Dataset¶

Original LOHHLA test data¶

lohhlamod repository includes all the inputs--including BAMs and HLA reference--to validate itself against the example data provided in the original HLALOH package.

These inputs are generated by running the mhcflow according to the instructions detailed here.

You can find these files under lohhla_example_og directory within the repository. As a validation baseline, lohhlamod should yield results consistent with the original expectations on this dataset.

Simulation data¶

The repository includes four in silico datasets designed to simulate real-world scenarios. These are idealized datasets intended for demonstration and user guidance; they should be used to familiarize yourself with the tool rather than as benchmarks for complex biological noise. Each simulated case is contained within its own subdirectory under the simulation/ folder in the repository.

Data generation

All inputs for lohhlamod, including BAM and Fasta files, were generated using mhcflow.

Understanding the results

For each simulated case, refer to the provided .loh.res.tsv files to compare the inferred copy numbers estimated by lohhlamod against the ones simulated in the ground truth tables shown below.

Installation verification

You can also use these pre-generated .loh.res.tsv files to verify your installation. After running lohhlamod on your own system, your output should match the results provided in the repository.

Case 1: Subject s6¶

This case simulates a LOH event in the HLA-A gene, alongside an amplification at the HLA-C locus.

HLA Gene	A1_CN	A2_CN	Normal Genotype	Tumor Genotype
HLA-A	1	0	Heterozygous	LOH
HLA-B	1	1	Heterozygous	Neutral
HLA-C	3	1	Heterozygous	Amplification

Case 2: Subject s7¶

This simulates a homozygous deletion of the HLA-C gene (loss of both alleles), and a single-copy amplification at the HLA-B locus.

HLA Gene	A1_CN	A2_CN	Normal Genotype	Tumor Genotype
HLA-A	1	1	Heterozygous	Neutral
HLA-B	2	1	Heterozygous	Amplification
HLA-C	0	0	Heterozygous	Homozygous deletion

Case 3: Subject s1¶

This scenario demonstrates a copy-neutral LOH event at the HLA-A gene.

HLA Gene	A1_CN	A2_CN	Normal Genotype	Tumor Genotype
HLA-A	2	0	Heterozygous	copy-neutral LOH
HLA-B	1	1	Homozygous	--
HLA-C	1	1	Homozygous	--

Note

lohhlamod can only detect LOH events at heterozygous loci.

Case 4: Subject s2¶

This is a non-LOH baseline case used to verify that the tool correctly identifies balanced, heterozygous states.

HLA Gene	A1_CN	A2_CN	Normal Genotype	Tumor Genotype
HLA-A	1	1	Homozygous	--
HLA-B	1	1	Heterozygous	Neutral
HLA-C	1	1	Homozygous	--

Simulation generation¶

This section outlines the process used to generate the in silico datasets.
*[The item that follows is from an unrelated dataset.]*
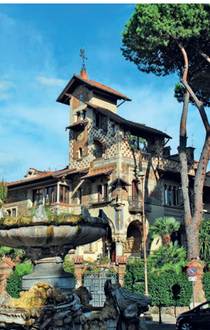
Die Feenvilla im Quartiere Coppedè

Ein ganzes Viertel ist das Gebiet zwischen Via Tagliamento und Piazza Trasmiseno zumindest größtmäßig vielleicht nicht, doch wenn man durch den Torbogen der Via Dora das Coppedè-Viertel betritt, wähnt man sich erstmal in einer anderen Welt: Geradezu märchenhaft nimmt sich die zentrale Piazza Mincio mit ihrer Fontana delle Rane , dem „Froschbrunnen“, aus, drumherum die Villen und Häuser mit ihrem oft asymmetrischen Stilmix aus überwiegend Jugendstil (italienisch: „ Stile Liberty “), aber auch Gotik, maurischen Elementen, Barock – und vielem, das man irgendwie nicht zuordnen kann. Prachtbeispiel dieser fantasiereichen Architektur ist die Feenvilla ( Villino delle Fate ) am Eck der Piazza Mincio zur Via Brenta , die alle architektonischen Eigenheiten dieses einmaligen Viertels zu vereinen scheint. Geschaffen wurde es in den Jahren 1913 bis 1926 durch den Architekten Gino Coppedè (1866–1927), der hier im Auftrag einer ligurischen Baufirma auf 31.000 Quadratmetern

I utilize a "normal-first" approach, where the tumor profile is derived by modifying the baseline normal genotype.

Normal sample¶

Select specific HLA alleles for the in silico individual at each locus.
Create a HLA reference file in FASTA format containing the selected alleles.
Generate paired-end reads from the HLA reference using dwgsim.
```
dwgsim -d 300 -s 20 \
    -N 10000 -1 150 -2 150 \
    -R 0.02 -S 2 -H -o 1 \
    -e 0.00109 -E 0.00109 \
    "$HLA_REF" "$OUT_PREFIX"
```
Tip

The example above generates 10k paired-end reads (150bp) with a 300bp insert size. Refer to the dwgsim documentation for details.
Align the simulated reads to the human genome, then sort and index the resulting BAM file.
Run mhcflow to obtain the necessary inputs for lohhlamod.

Tumor sample¶

The tumor sample is simulated by introducing copy number variations (CNVs) into the established normal profile.

Decide the desired copy number for each allele at each HLA gene locus
Create a tumor-specific HLA Fasta reference.
- For amplification: Include multiple copies of the amplified alleles.
- For LOH: Separate the deleted alleles from the "primary" reference.
Generate sequencing reads from the modified tumor reference.
```
dwgsim -d 280 -s 20 \
    -N 20000 -1 150 -2 150 \
    -R 0.02 -S 2 -H -o 1 \
    -e 0.002 -E 0.002 \
    "$Tumor_HLA_REF" "$OUT_PREFIX"
```
Tip

The command uses a higher error rate (-e and -E flags) and shorter fragment templates (280 vs. 300) to mimic typical real-world tumor samples.
For LOH events, simulate the "deleted" alleles separately at a significantly lower coverage (using the -N option).
Combine all simulated tumor reads, then align, sort and index as performed in the normal workflow.
Run mhcflow using the --realn_only flag.

Note

You must use the HLA reference generated during the Normal Sample step (Step 5). Please refer to here for details.